Guitar skronks, saxophone wails and drum beats mingled in a Roseville warehouse as Willie & the Bees rehearsed for their first gig in 14 years.

"I always want our music to have everything in it," said Willie Murphy, a charter member of the Minnesota Music Academy Hall of Fame along with Bob Dylan and Prince. "I want it to be dance-y and funky. I want it to have really good vocal harmonies. I want there to be really good lyrics and jazzy horn parts."

Willie & the Bees kept Minnesotans dancing from 1971 to '84 with their compelling amalgam of blues, jazz, funk, R&B, rock and soul music. The lyrics were often provocative and political, making people think as well as party.

Over the years, there have been requests for reunion shows, but the offers weren't adequate for this large band — 10 to 12 members — and the work it takes to bring the players and music together. Murphy said when the Cabooze booker requested they perform for the West Bank bar's 40th anniversary series, the time just felt right.

Thirteen members — many from the band's beginning — will play the reunion on Friday at the Cabooze.

Rounding up the Bees wasn't easy. "We called everybody," Murphy said recently over vegetarian pho. "Three people are dead, two very valuable people can't make it.
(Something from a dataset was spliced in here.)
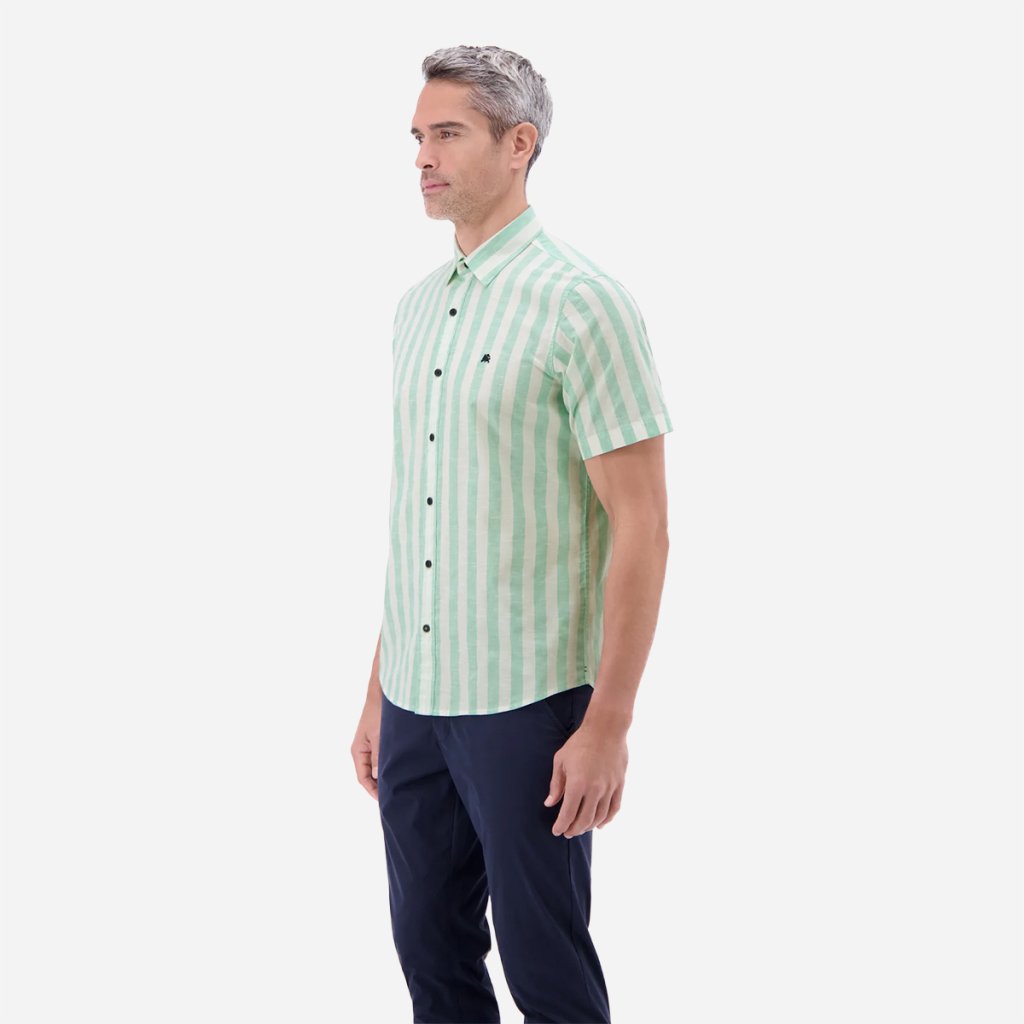 Táto pánska košeľa LERROS s krátkym rukávom a letným pruhovaným dizajnom v osviežujúcej mentolovej farbe je ideálnym spoločníkom na horúce dni. Vyrobená z jemnej zmesi bavlny, ponúka mimoriadnu vzdušnosť a komfort pri kontakte s pokožkou, zatiaľ čo klasický Kent golier a decentné vyšívané logo na hrudi dodávajú tomuto neformálnemu kúsku nadčasový a upravený vzhľad.

Jose James is on the road. Mark Bryn was our keyboard player and resident genius. He's a truck driver, of all things, and on the road."

So Murphy recruited Jason Craft, who plays with him at the Blues Jam on Mondays at the Richfield American Legion. "He's real hot," Murphy said. "There are leads I want him to take on synthesizer."
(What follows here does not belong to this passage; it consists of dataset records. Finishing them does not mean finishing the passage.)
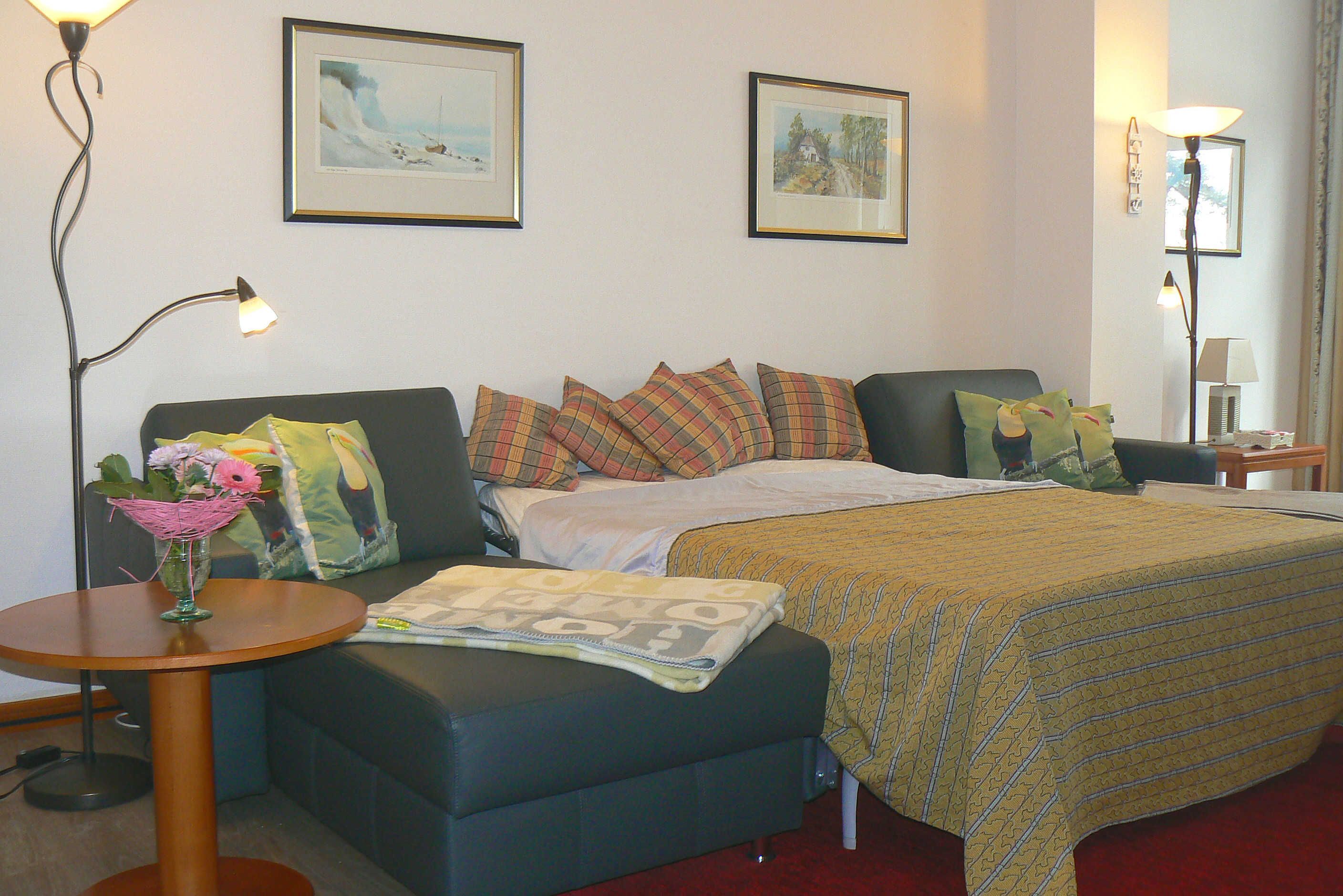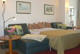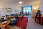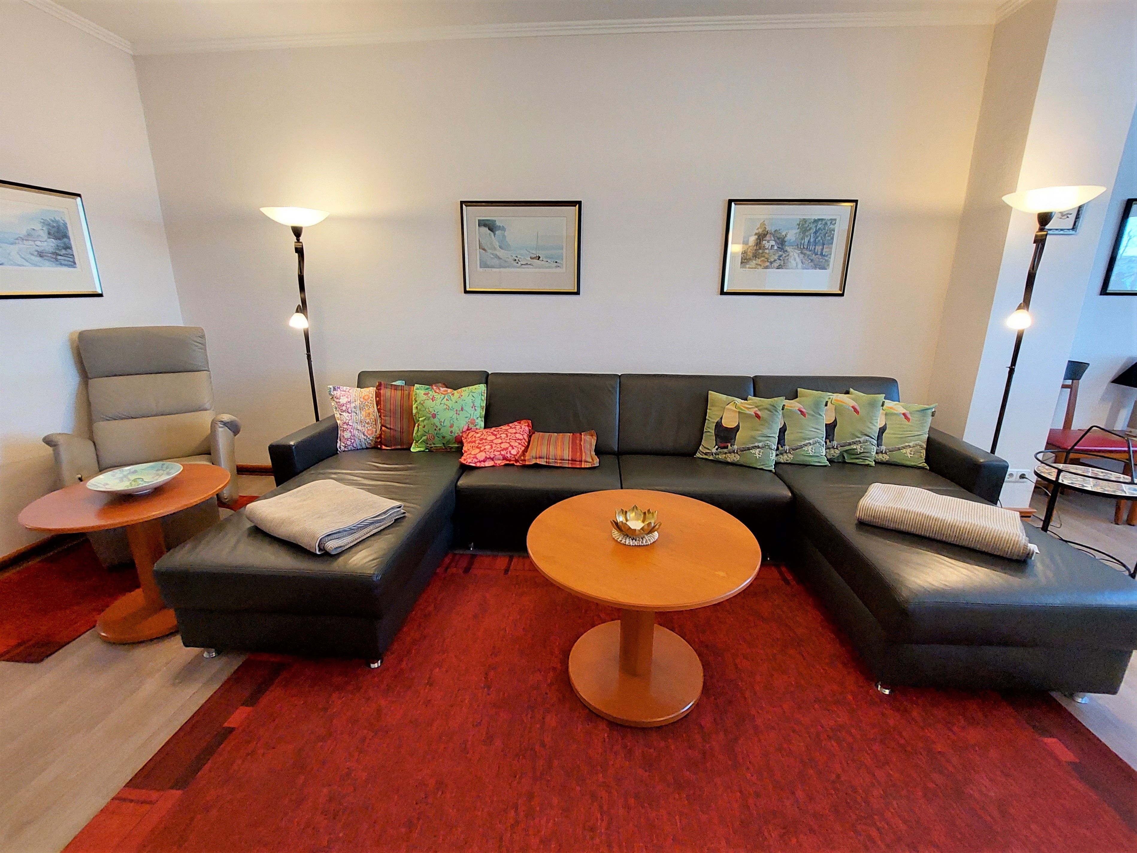 Das komfortable und stilvolle App. 553, im Hochparterre gelegen, verfügt über ein großes Wohn-/Esszimmer mit einer Ledercouchgarnitur. Sie kann zu einem bequemen Bett umfunktioniert werden für eine 5./6. P. (Liegefläche 1,40 m x 2,00 m). Es gibt einen 55 Zoll Smart TV, Radio mit CD, USB u. Bluetooth und einen DVD-Blu-ray-Player. WLAN ist inklusive.
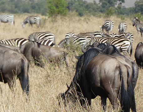 Med masser af gnuer og zebraer, der netop var ankommet fra Tanzania, så var det dem der tog fokus i Masai Mara og vi var SÅ tæt på at opleve en krydsning, men to krokodiller kom i vejen.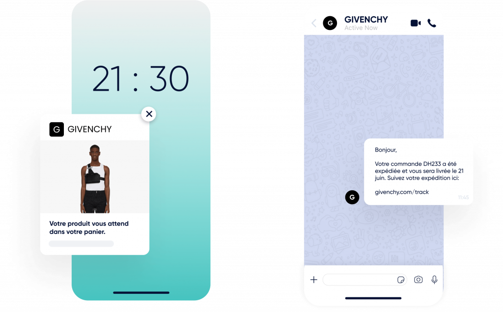 Utilisez les notifications Web Push, WhatsApp, les e-mails, et les SMS.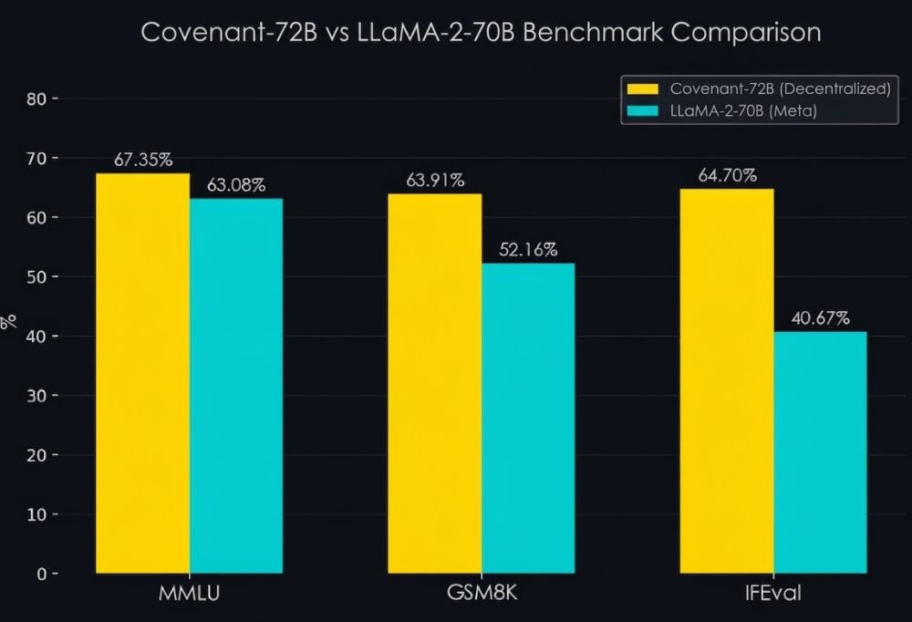 Most of that capital has gone into building infrastructure: coordination protocols, GPU marketplaces, incentive layers. Covenant-72B is the first major output to come out the other end of that plumbing. The model itself is not frontier, but the training run proved that distributed coordination works at scale and produced novel compression techniques like SparseLoCo that make the entire architecture more viable.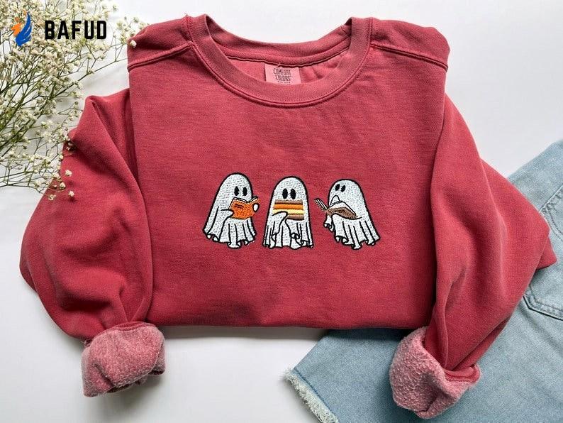 Ghost Book Sweatshirt Embroidered Crewneck T-Shirt, Sweatshirt for Men Women, Gift for Men Women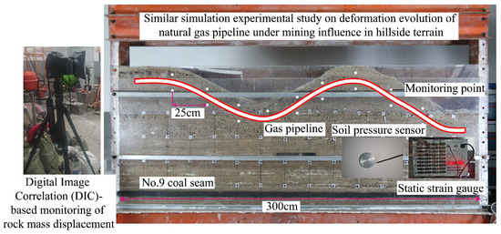 To investigate the impact of subsidence basins in mountainous terrain on gas pipeline deformation, a similarity simulation experiment was designed based on the geological conditions of the mining area where the pipeline is located. This experiment aims to simulate the deformation evolution of gas pipelines under mining-induced disturbances in slope terrain. The experimental system comprises three main components: a 3 m × 0.2 m × 1.4 m planar model frame serving as the simulation platform, a photographic monitoring system (including digital cameras, remote-controlled shooting systems, and fill lights) to visually document deformation processes, and a stress–strain acquisition system equipped with static resistance strain gauges, soil pressure cells, and strain gage rosettes to measure mechanical responses of the pipeline and surrounding soil. This setup enables detailed analysis of pipeline stress redistribution and failure mechanisms under dynamic subsidence conditions.
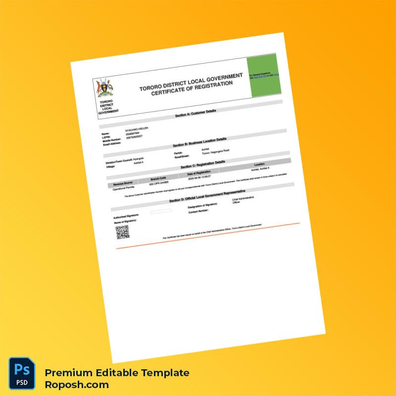 Why Choose Our Editable Uganda Tororo Registration Certificate Template?

With only six weeks to rehearse and relearn songs, the Bees practiced intensely, quickly communicating corrections and coordination between instruments and vocals.

They selected 20 songs.

"I asked everybody to write down the songs they wanted to do. And we have hundreds," Murphy pointed out. "The songs that kept coming up the most were mostly originals. I love doing a lot of the covers, and we'll do a few," including James Brown's disco-era dance single "The Spank."

"Most of the cover songs were rearranged in my way," he said. "I just thought the quality of the originals is higher in a musical sense. If we're going to do this — this might be our last one — I want to do what we think is our most quality stuff."

Among them is "Supermarket," a 1982 would-be hit that Murphy calls "one of our anthems." To remember how songs went, the Bees listened to cassettes of old gigs.

"Some of it comes back surprisingly easily; some of it you're surprised you've forgotten totally. And I wrote them," mused Murphy.

One challenge is the complexity of the arrangements, explained Maurice Jacox, the singer/saxophonist who was an original member of the Bees and led its horn section.

"Willie writes really tricky stuff," Jacox said. "You've gotta be on it. The horn parts aren't standard, they're intricate, filigree horn parts, idiosyncratic as Willie makes everything. Trying to do that in six weeks when you haven't played this stuff in years is a daunting task for all of us. If we pull this off, this is going to be strong as hell."

Murphy admits that his arrangements are daunting.

"I always wrote really challenging-to-remember horn charts," he said. "They're very jazzy, influenced by people like Charlie Mingus and Duke Ellington."

Hairlines change but little else

The Bees were having a blast at rehearsal, flinging sharp repartee between instrument sections, grinning when they nailed it, working out disagreements affably.

Although many maintain grayer goatees, most haven't changed much over the years.

"One of the things I noticed right away is that hardly anybody has changed at all. Maurice is so much the same," Murphy said. "Joe [Demko, guitarist] has changed a lot. He was the guy with the hair down to his ass. Now he's a responsible working person. He's worked the sound for Channel 2 for 25 years. Howard [Merriweather, drummer] has always been one of the sweetest people I ever knew, and he's still that way."

Jacox continues to perform and sing with a few local bands. Saxophonist Eugene Hoffman is retired from his work as a drug and alcohol abuse counselor. Many of the Bees have day jobs, but they all are excited about performing together again — especially Murphy.

"I still sing all the time," said the frontman, 70, who has recovered from a stroke suffered a few years ago. "I don't have the range I used to. I have chronic sinus congestion. So if I get my head clear, I'm pretty good."

But the veteran guitarist/bassist/keyboardist, who produced Bonnie Raitt's 1971 debut and fronts the Angel-Headed Hipsters, is being invigorated by preparing for this reunion.

"It's a double-edged sword," he said. "It's driving me crazy, I'm getting very little sleep and yet I'm energized."

Cyn Collins is a Minneapolis writer and musician.